— WORK TO COMPLETE —
Below are the records; give again exactly the lines from the one containing "Độc quyền căn" through the one containing "Визуально оценить, проявляют", leaving out pictures.

— EXERCISE INPUTS —
********************
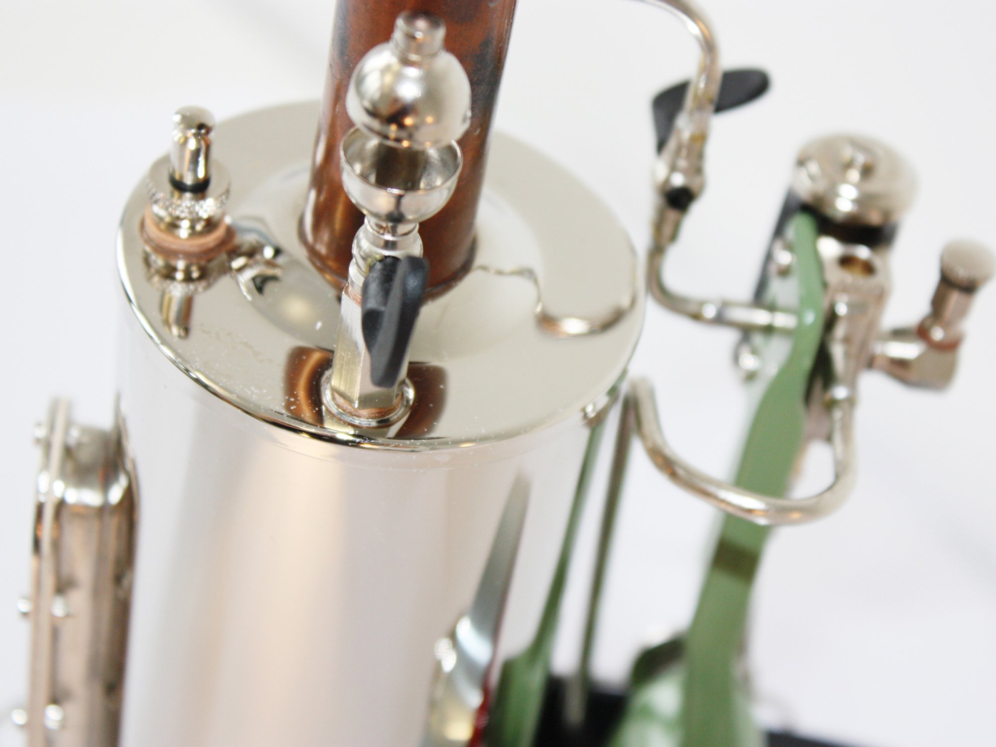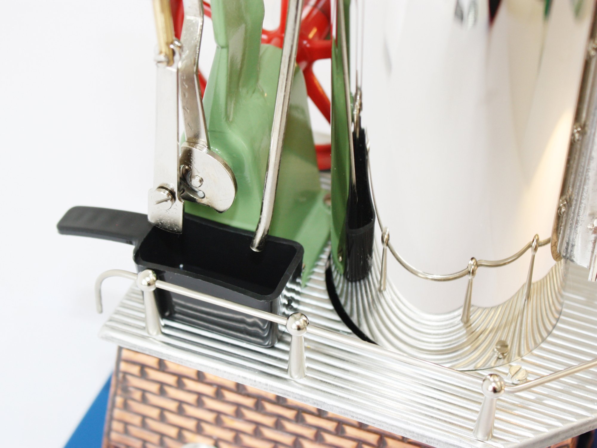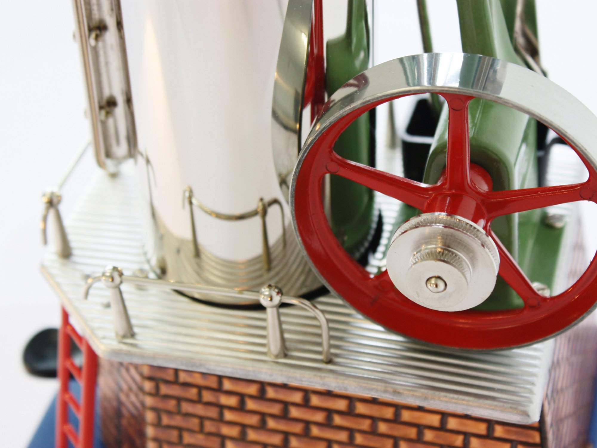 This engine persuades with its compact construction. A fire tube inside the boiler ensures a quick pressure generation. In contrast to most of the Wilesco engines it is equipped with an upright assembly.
********************
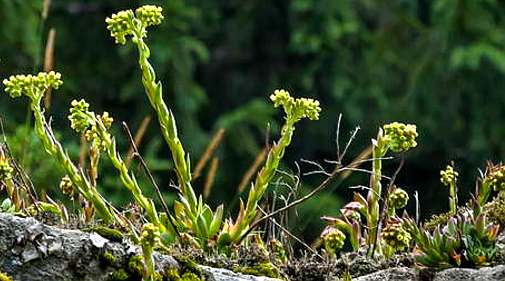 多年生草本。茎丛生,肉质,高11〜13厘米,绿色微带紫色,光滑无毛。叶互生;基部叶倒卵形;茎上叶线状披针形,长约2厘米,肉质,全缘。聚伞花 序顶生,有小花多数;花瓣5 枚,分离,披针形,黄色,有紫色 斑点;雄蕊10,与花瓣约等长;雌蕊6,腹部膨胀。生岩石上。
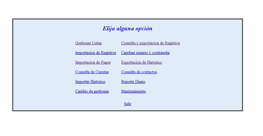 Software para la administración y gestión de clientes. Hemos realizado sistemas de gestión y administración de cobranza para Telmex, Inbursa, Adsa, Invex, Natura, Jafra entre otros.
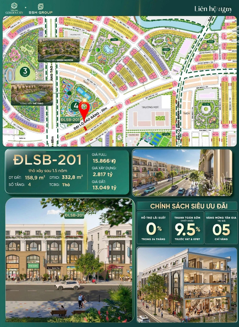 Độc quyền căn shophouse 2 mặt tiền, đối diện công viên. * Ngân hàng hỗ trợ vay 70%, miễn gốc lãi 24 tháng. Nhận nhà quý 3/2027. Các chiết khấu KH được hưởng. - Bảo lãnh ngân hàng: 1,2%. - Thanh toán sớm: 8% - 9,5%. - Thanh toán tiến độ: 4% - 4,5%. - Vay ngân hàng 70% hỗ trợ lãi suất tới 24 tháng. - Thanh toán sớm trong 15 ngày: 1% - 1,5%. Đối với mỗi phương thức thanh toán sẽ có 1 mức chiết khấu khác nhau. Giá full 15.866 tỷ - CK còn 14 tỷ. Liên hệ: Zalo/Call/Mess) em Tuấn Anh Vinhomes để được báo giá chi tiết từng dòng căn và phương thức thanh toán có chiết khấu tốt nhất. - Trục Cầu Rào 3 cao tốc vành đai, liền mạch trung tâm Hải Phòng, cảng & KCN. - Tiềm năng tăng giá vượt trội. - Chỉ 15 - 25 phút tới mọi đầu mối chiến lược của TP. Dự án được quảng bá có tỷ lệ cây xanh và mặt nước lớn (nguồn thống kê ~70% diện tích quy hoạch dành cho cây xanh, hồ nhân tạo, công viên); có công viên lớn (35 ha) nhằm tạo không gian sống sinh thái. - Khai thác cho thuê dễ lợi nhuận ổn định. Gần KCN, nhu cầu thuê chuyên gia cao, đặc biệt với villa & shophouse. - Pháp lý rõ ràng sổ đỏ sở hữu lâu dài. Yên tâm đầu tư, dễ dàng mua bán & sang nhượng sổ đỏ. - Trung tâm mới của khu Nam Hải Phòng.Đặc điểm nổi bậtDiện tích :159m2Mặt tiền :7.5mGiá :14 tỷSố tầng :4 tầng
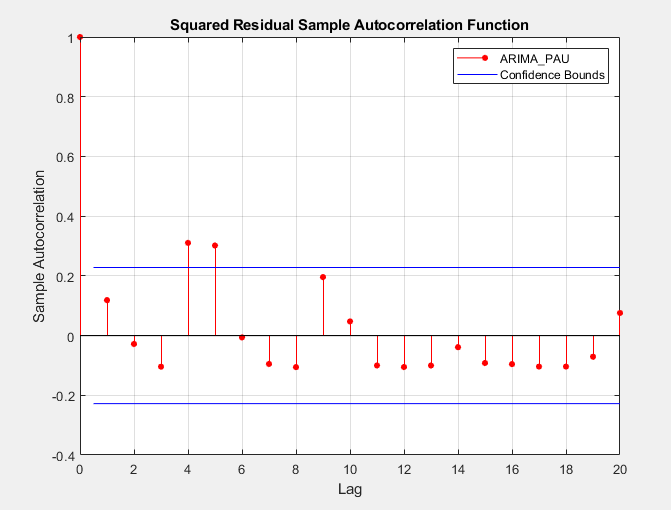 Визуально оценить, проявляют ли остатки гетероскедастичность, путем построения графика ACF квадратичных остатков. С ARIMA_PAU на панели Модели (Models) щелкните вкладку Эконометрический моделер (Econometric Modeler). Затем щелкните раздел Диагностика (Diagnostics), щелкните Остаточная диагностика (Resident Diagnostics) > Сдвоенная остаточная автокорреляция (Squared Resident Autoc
********************
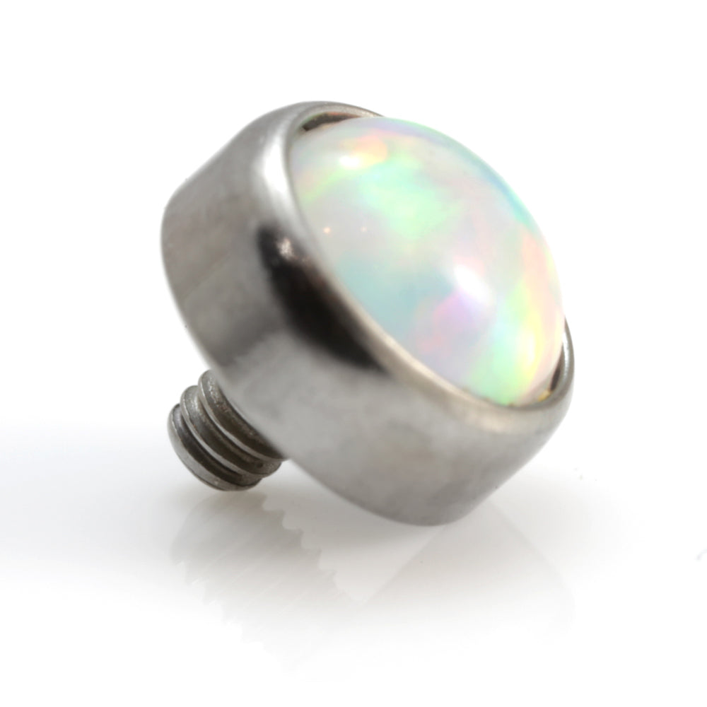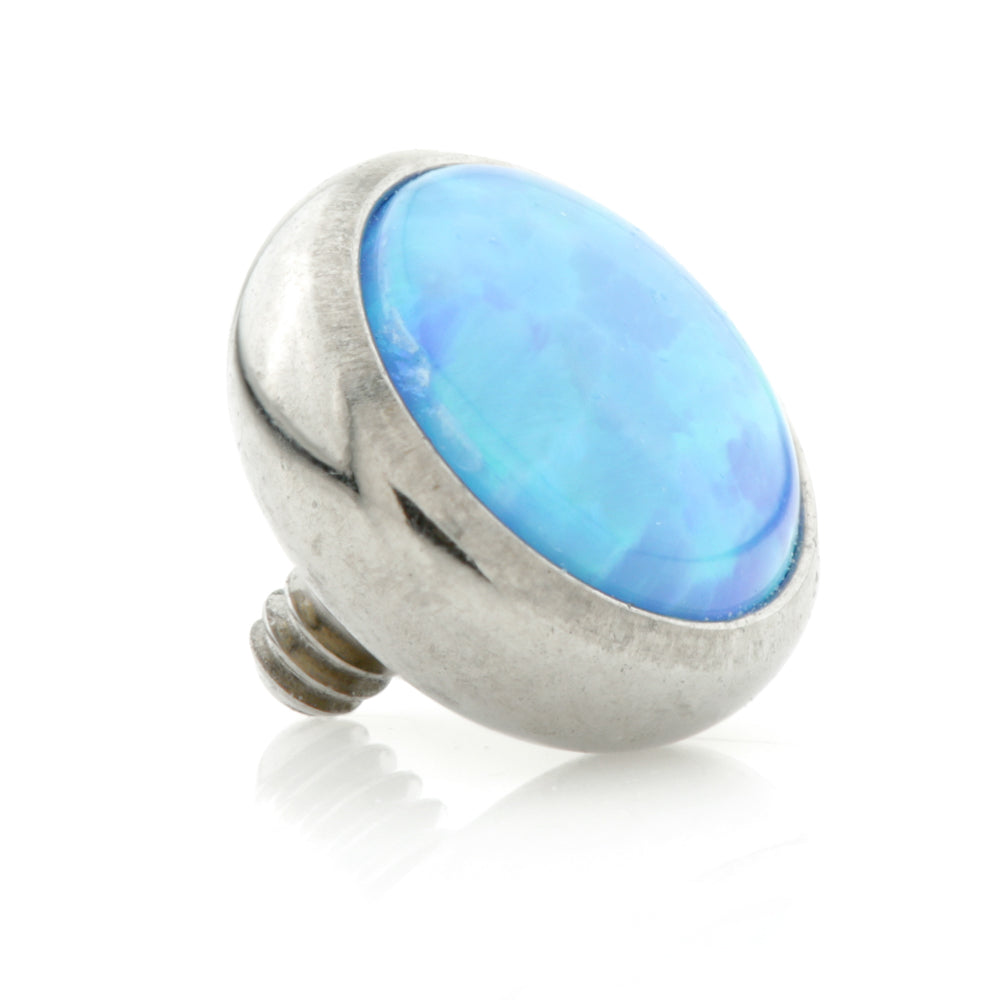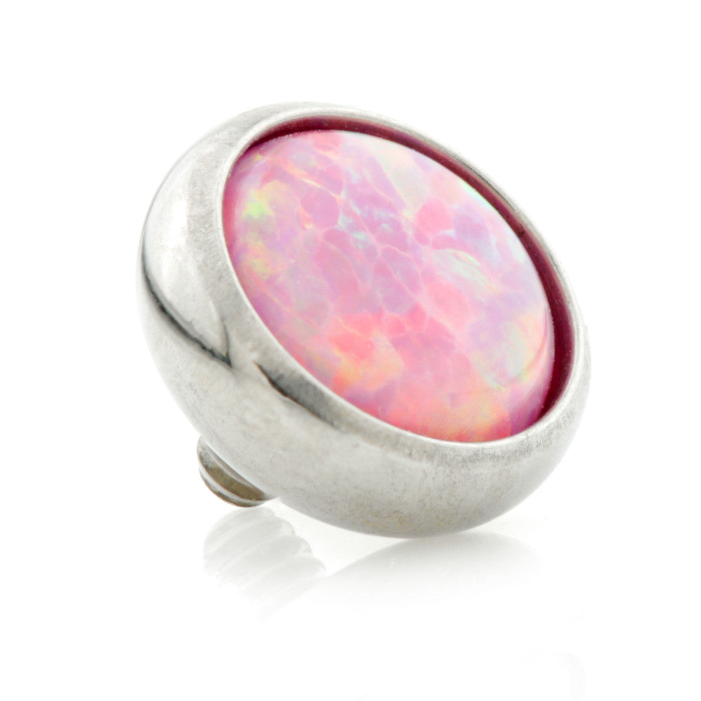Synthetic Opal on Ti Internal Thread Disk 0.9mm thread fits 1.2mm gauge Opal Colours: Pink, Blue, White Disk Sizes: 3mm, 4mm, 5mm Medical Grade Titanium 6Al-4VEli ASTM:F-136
********************
— OUTPUT BELOW —
 Độc quyền căn shophouse 2 mặt tiền, đối diện công viên. * Ngân hàng hỗ trợ vay 70%, miễn gốc lãi 24 tháng. Nhận nhà quý 3/2027. Các chiết khấu KH được hưởng. - Bảo lãnh ngân hàng: 1,2%. - Thanh toán sớm: 8% - 9,5%. - Thanh toán tiến độ: 4% - 4,5%. - Vay ngân hàng 70% hỗ trợ lãi suất tới 24 tháng. - Thanh toán sớm trong 15 ngày: 1% - 1,5%. Đối với mỗi phương thức thanh toán sẽ có 1 mức chiết khấu khác nhau. Giá full 15.866 tỷ - CK còn 14 tỷ. Liên hệ: Zalo/Call/Mess) em Tuấn Anh Vinhomes để được báo giá chi tiết từng dòng căn và phương thức thanh toán có chiết khấu tốt nhất. - Trục Cầu Rào 3 cao tốc vành đai, liền mạch trung tâm Hải Phòng, cảng & KCN. - Tiềm năng tăng giá vượt trội. - Chỉ 15 - 25 phút tới mọi đầu mối chiến lược của TP. Dự án được quảng bá có tỷ lệ cây xanh và mặt nước lớn (nguồn thống kê ~70% diện tích quy hoạch dành cho cây xanh, hồ nhân tạo, công viên); có công viên lớn (35 ha) nhằm tạo không gian sống sinh thái. - Khai thác cho thuê dễ lợi nhuận ổn định. Gần KCN, nhu cầu thuê chuyên gia cao, đặc biệt với villa & shophouse. - Pháp lý rõ ràng sổ đỏ sở hữu lâu dài. Yên tâm đầu tư, dễ dàng mua bán & sang nhượng sổ đỏ. - Trung tâm mới của khu Nam Hải Phòng.Đặc điểm nổi bậtDiện tích :159m2Mặt tiền :7.5mGiá :14 tỷSố tầng :4 tầng
 Визуально оценить, проявляют ли остатки гетероскедастичность, путем построения графика ACF квадратичных остатков. С ARIMA_PAU на панели Модели (Models) щелкните вкладку Эконометрический моделер (Econometric Modeler). Затем щелкните раздел Диагностика (Diagnostics), щелкните Остаточная диагностика (Resident Diagnostics) > Сдвоенная остаточная автокорреляция (Squared Resident Autoc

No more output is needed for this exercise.